Efficient Quantum Circuits based on the Quantum Natural Gradient

TL;DR

This paper introduces symmetry-conserving quantum circuits optimized with the quantum natural gradient, enabling efficient state preparation with depth depending on entanglement rather than system size, beneficial for near-term quantum applications.

Contribution

The paper proposes SCom-QAOA circuits that preserve symmetries and optimize their parameters using the quantum natural gradient, reducing circuit depth dependence on system size for certain states.

Findings

Circuit depth depends on entanglement, not system size.

High fidelity states (>99%) achieved with sub-system-size depth.

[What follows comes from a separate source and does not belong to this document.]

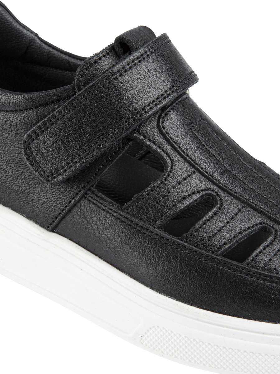 Повседневные полуботинки для мальчика из натуральной кожи обеспечивают правильную циркуляцию воздуха, а наличие подсводника и жёсткого задника создает дополнительный комфорт. Липучка ускоряет и облегчает процесс обувания. Подошва из гибкого износостойкого материала ТЭП.
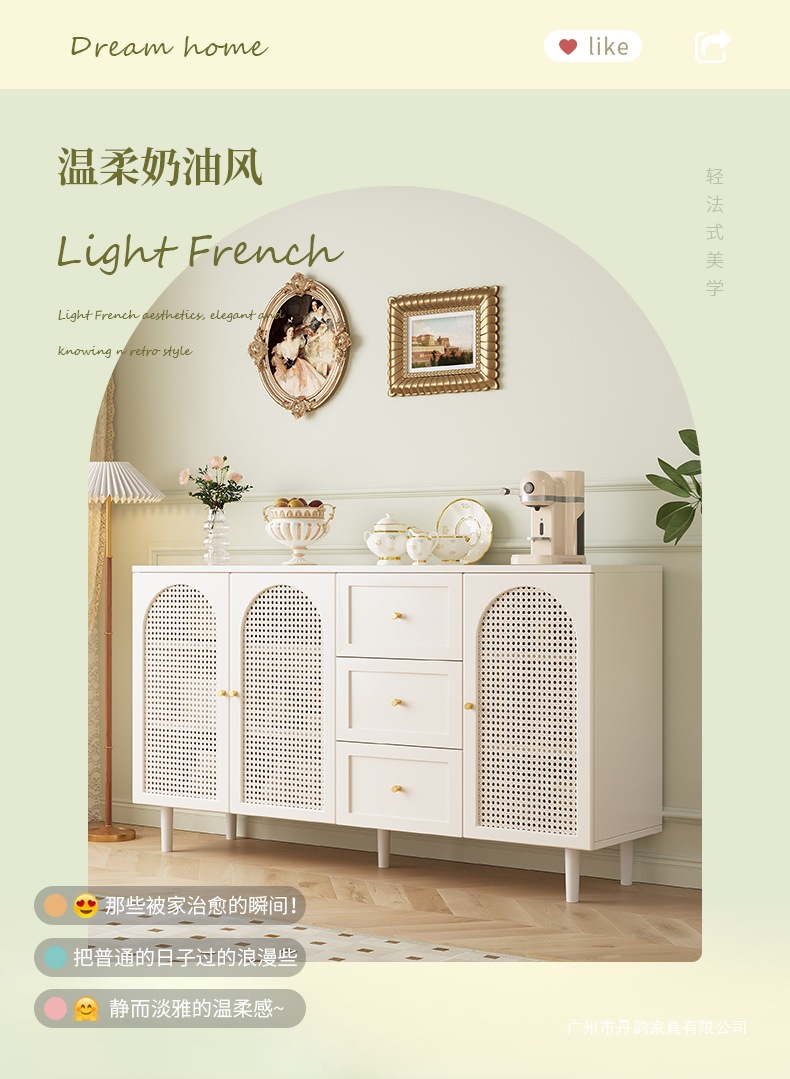 찬장, 현대적이고 심플한 프렌치 스타일의 수납 선반, 소형 가족용 서랍장, 등나무로 짠 원목 주방 캐비닛, 가벼운 고급 수납 캐비닛스토어 가기

Enables broader initial state preparation for variational algorithms.

Abstract

Efficient preparation of arbitrary entangled quantum states is crucial for quantum computation. This is particularly important for noisy intermediate scale quantum simulators relying on variational hybrid quantum-classical algorithms. To that end, we propose symmetry-conserving modified quantum approximate optimization algorithm~(SCom-QAOA) circuits. The depths of these circuits depend not only on the desired fidelity to the target state, but also on the amount of entanglement the state contains. The parameters of the SCom-QAOA circuits are optimized using the quantum natural gradient method based on the Fubini-Study metric. The SCom-QAOA circuit transforms an unentangled state into a ground state of a gapped one-dimensional Hamiltonian with a circuit-depth that depends not on the system-size, but rather on the finite correlation length. In contrast, the circuit depth grows proportionally to the system size for preparing low-lying states of critical one-dimensional systems. Even in the latter case, SCom-QAOA circuits with depth less than the system-size were sufficient to generate states with fidelity in excess of 99\%, which is relevant for near-term applications. The proposed scheme enlarges the set of the initial states accessible for variational quantum algorithms and widens the scope of investigation of non-equilibrium phenomena in quantum simulators.